Team Paralympic GB had competitors in four of the six wheelchair tennis disciplines; men's, women's and mixed quads singles and mixed quad doubles. Peter Norfolk, nicknamed the 'Quadfather', won gold in the mixed quad singles, successfully defending the title he had won in Athens.

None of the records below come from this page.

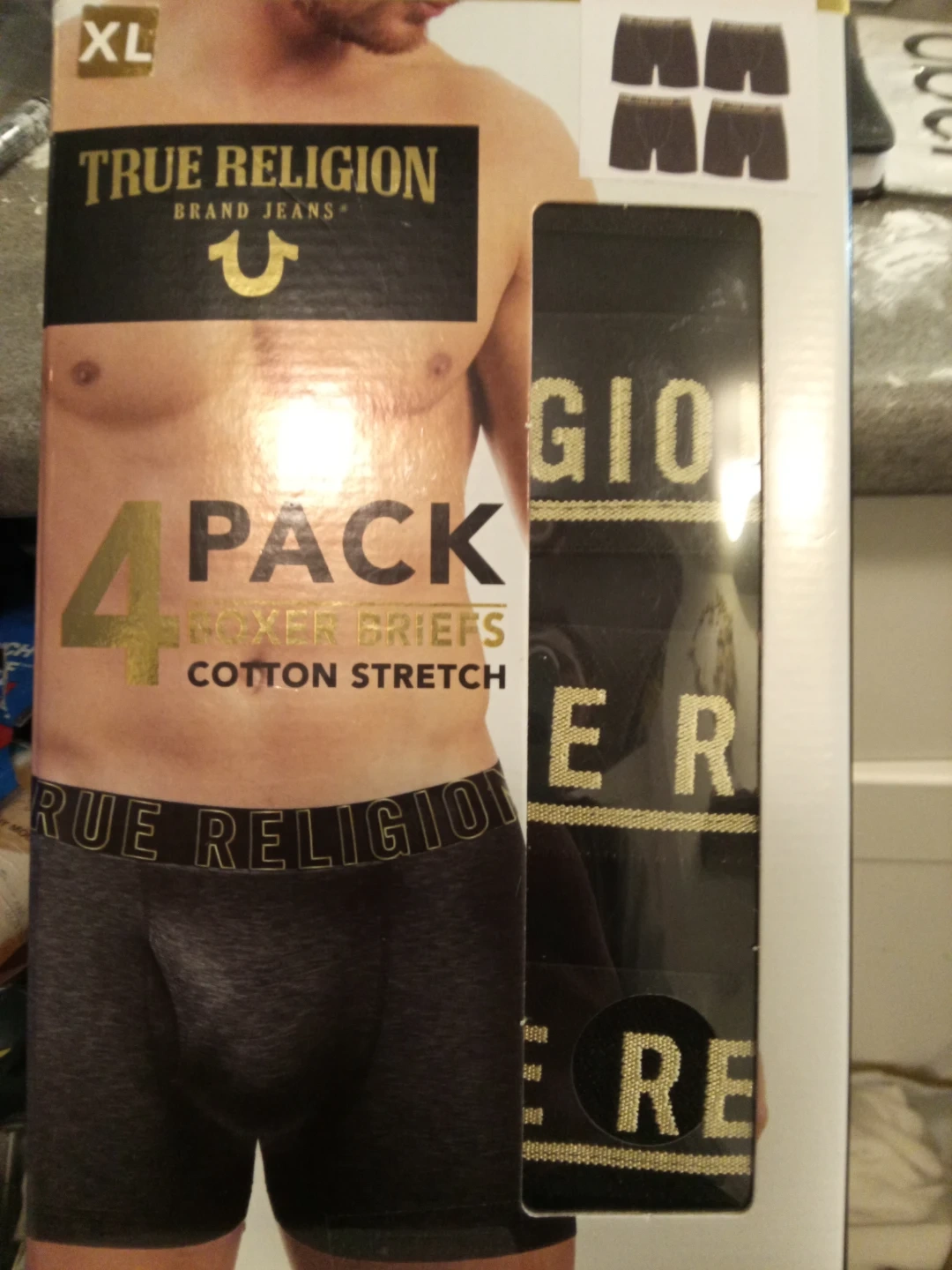 Selling a brand new 4-pack of True Religion boxer briefs! They're size XL and made with cotton stretch for a comfy fit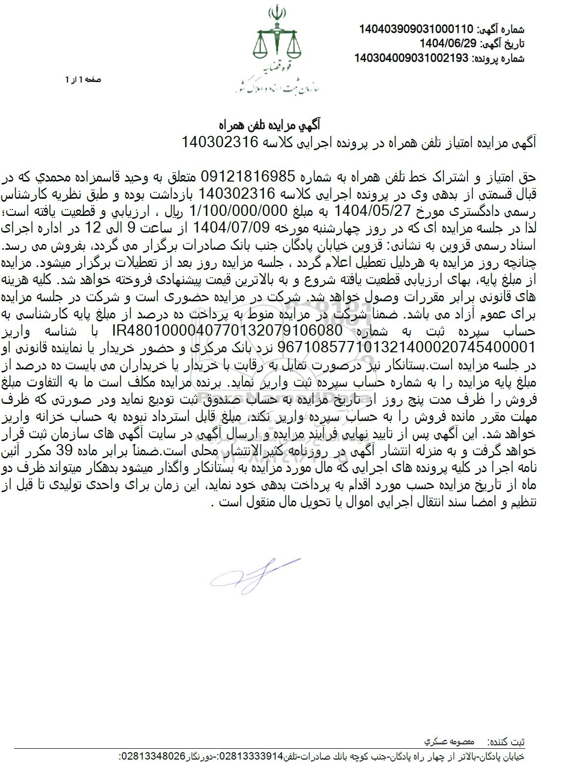 حق امتیاز و اشتراک خط تلفن همراه به شماره 09121816985 متعلق به وحید قاسمزاده محمدی که در قبال قسمتی از بدهی وی در پرونده اجرایی کلاسه 140302316 بازداشت بوده و طبق نظریه کارشناس رسمی دادگستری مورخ 1404.05.27 به مبلغ 1.100.000.000 ريال ، ارزيابي و قطعیت یافته است؛ لذا در جلسه مزایده ای که در روز چهارشنبه مورخه 1404.07.09 از ساعت 9 الی 12 در اداره اجرای اسناد رسمی قزوین به نشانی قزوین خیابان پادگان جنب بانک صادرات برگزار میگردد بفروش می رسد. چنانچه روز مزایده به هر دلیل تعطیل اعلام گردد، جلسه مزایده روز بعد از تعطیلات برگزار میشود. مزایده از مبلغ پایه بهای ارزیابی قطعیت یافته شروع و به بالاترین قیمت پیشنهادی فروخته خواهد شد. کلیه هزینه های قانونی برابر مقررات وصول خواهد شد شرکت در مزایده حضوری است و شرکت در جلسه مزایده برای عموم آزاد می باشد ضمنا شرکت در مزایده منوط به پرداخت ده درصد از مبلغ پایه کارشناسی به حساب سپرده ثبت به شماره IR4801000040770132079106080 با شناسه واریز 967108577101321400020745400001 نزد بانک مرکزی و حضور خریدار یا نماینده قانونی او در جلسه مزایده است. بستانکار نیز در صورت تمایل به رقابت با خریدار یا خریداران می بایست ده درصد از مبلغ پایه مزایده را به شماره حساب سپرده ثبت واریز نماید برنده مزایده مکلف است ما به التفاوت مبلغ فروش را ظرف مدت پنج روز از تاریخ مزایده به حساب صندوق ثبت تودیع نماید و در صورتی که ظرف مهلت مقرر مانده فروش را به حساب سپرده واریز نکند مبلغ قابل استرداد نبوده به حساب خزانه واریز خواهد شد. این آگهی پس از تایید نهایی فرایند مزایده و ارسال آگهی در سایت آگهی های سازمان ثبت قرار خواهد گرفت و به منزله انتشار آگهی در روزنامه کثیر الانتشار محلی است. ضمنا برابر ماده 39 مکرر آئین نامه اجرا در کلیه پروندههای اجرایی که مال مورد مزایده به بستانکار واگذار میشود بدهکار میتواند ظرف دو ماه از تاریخ مزایده حسب مورد اقدام به پرداخت بدهی خود نماید این زمان برای واحدی تولیدی تا قبل از تنظيم و امضا سند انتقال اجرایی اموال یا تحویل مال منقول است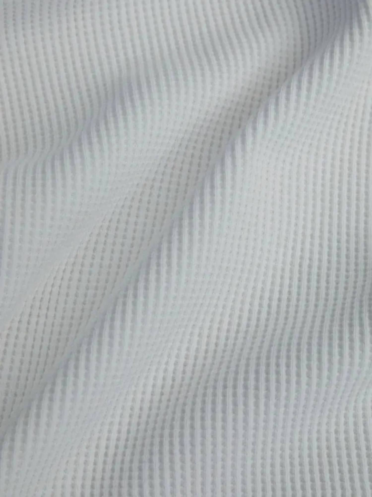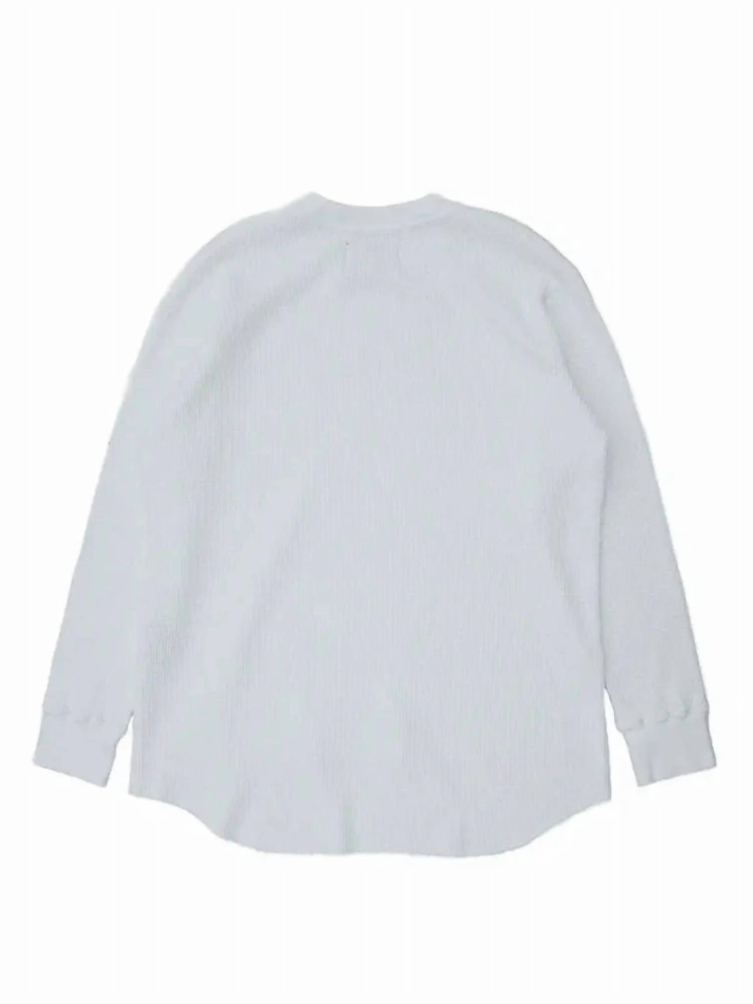 Introducing the Men's Long Sleeve Thermal Top by Lite Year, crafted for both warmth and style with its custom dyed waffle knit design. This heavy weight top features a dropped hem and wide rib cuffs and collar, all in a refined crewneck style. Made from 100% cotton, this solid white piece is tailored in the USA to meet minimalist travel needs, ensuring comfort throughout the spring season. Easily maintained with machine wash and tumble dry, it offers effortless pull-on closure for convenient wear.
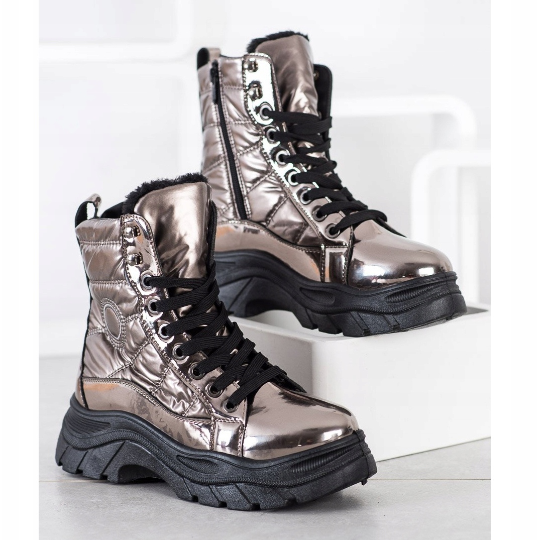 Surprindeți pe toată lumea cu un stil unic datorită SHELOVET Quilted Fashion Trappers într-o nuanță la modă de gri. Aceste botine intrigante, casual, sunt chintesența celor mai noi tendințe în moda urbană. Oferite de brandul SHELOVET, cunoscut pentru atenția acordată detaliilor și confortul la purtare, sunt o alegere excelentă pentru fiecare femeie care apreciază combinația dintre funcționalitate și design la modă.

| Athlete | Event | Round of 64 | Round of 32 | Round of 16 | Quarterfinals | Semi-finals | Finals |  |
| Opposition Result | Opposition Result | Opposition Result | Opposition Result | Opposition Result | Opposition Result | Rank |
| Jamie Burdekin | Mixed quad singles | N/A |  | Weinberg (ISR) L 2–6 4–6 | did not advance |  |  |  |
| Alex Jewitt | Men's singles | Kunieda (JPN) L 0–6 1–6 | did not advance |  |  |  |  |  |
| Peter Norfolk | Mixed quad singles | N/A |  | de Beer (NED) W 6–1 6–1 | Kimura (JPN) W 6–0 6–1 | Taylor (USA) W 6–0 6–3 | Andersson (SWE) W 6–2 6–2 |  |
| David Phillipson | Men's singles | Mathieu (CAN) W 6–3 6–1 | Legner (AUT) L 0–6 0–6 | did not advance |  |  |  |  |
| Gordon Reid | Men's singles | Ammerlaan (NED) L 3–6 0–6 | did not advance |  |  |  |  |  |
| Lucy Shuker | Women's singles | N/A | Domori (JPN) W 6–1 6–3 | Gravellier (FRA) L 6–2 1–6 4–6 | did not advance |  |  |  |
| Kevin Simpson | Men's singles | Gatelli (ITA) L 1–6 7–6(4) 4–6 | did not advance |  |  |  |  |  |
| Jordanne Whiley | Women's singles | N/A | Racineux (FRA) L 4–6 4–6 | did not advance |  |  |  |  |
| Alex Jewitt Kevin Simpson | Men's doubles | N/A | Gatelli, Mazzei (ITA) L 4–6 4–6 | did not advance |  |  |  |  |
| Peter Norfolk Jamie Burdekin | Mixed quad doubles | N/A |  |  | lost 22–1 | Kramer, Weinberg (ISR) L 4–6 4–6 | van Erp, Timmermans (NED) W 6(4)–7 7–5 6–1 |  |
| Lucy Shuker Jordanne Whiley | Women's doubles | N/A |  | Bye | Arnoult, Verfuerth (USA) L 7–5 5–7 2–6 | did not advance |  |  |
| David Phillipson Gordon Reid | Men's doubles | N/A | Felix, Gergely (SVK) L 2–6 2–6 | did not advance |  |  |  |  |

==Media coverage==
As with the 2008 Summer Olympics, the BBC aired coverage of the Games in the UK. The Games were broadcast in high-definition for the first time. BBC Red Button and bbc.co.uk showed live coverage throughout the Games, with a nightly highlights programme on BBC Two (simulcast on BBC HD), anchored by Clare Balding and Steve Cram. Live coverage was also shown on BBC One, BBC Two, and BBC HD on Saturdays and Sundays. Both the opening and closing ceremonies were broadcast live. Radio coverage was provided by BBC Radio 5 Live.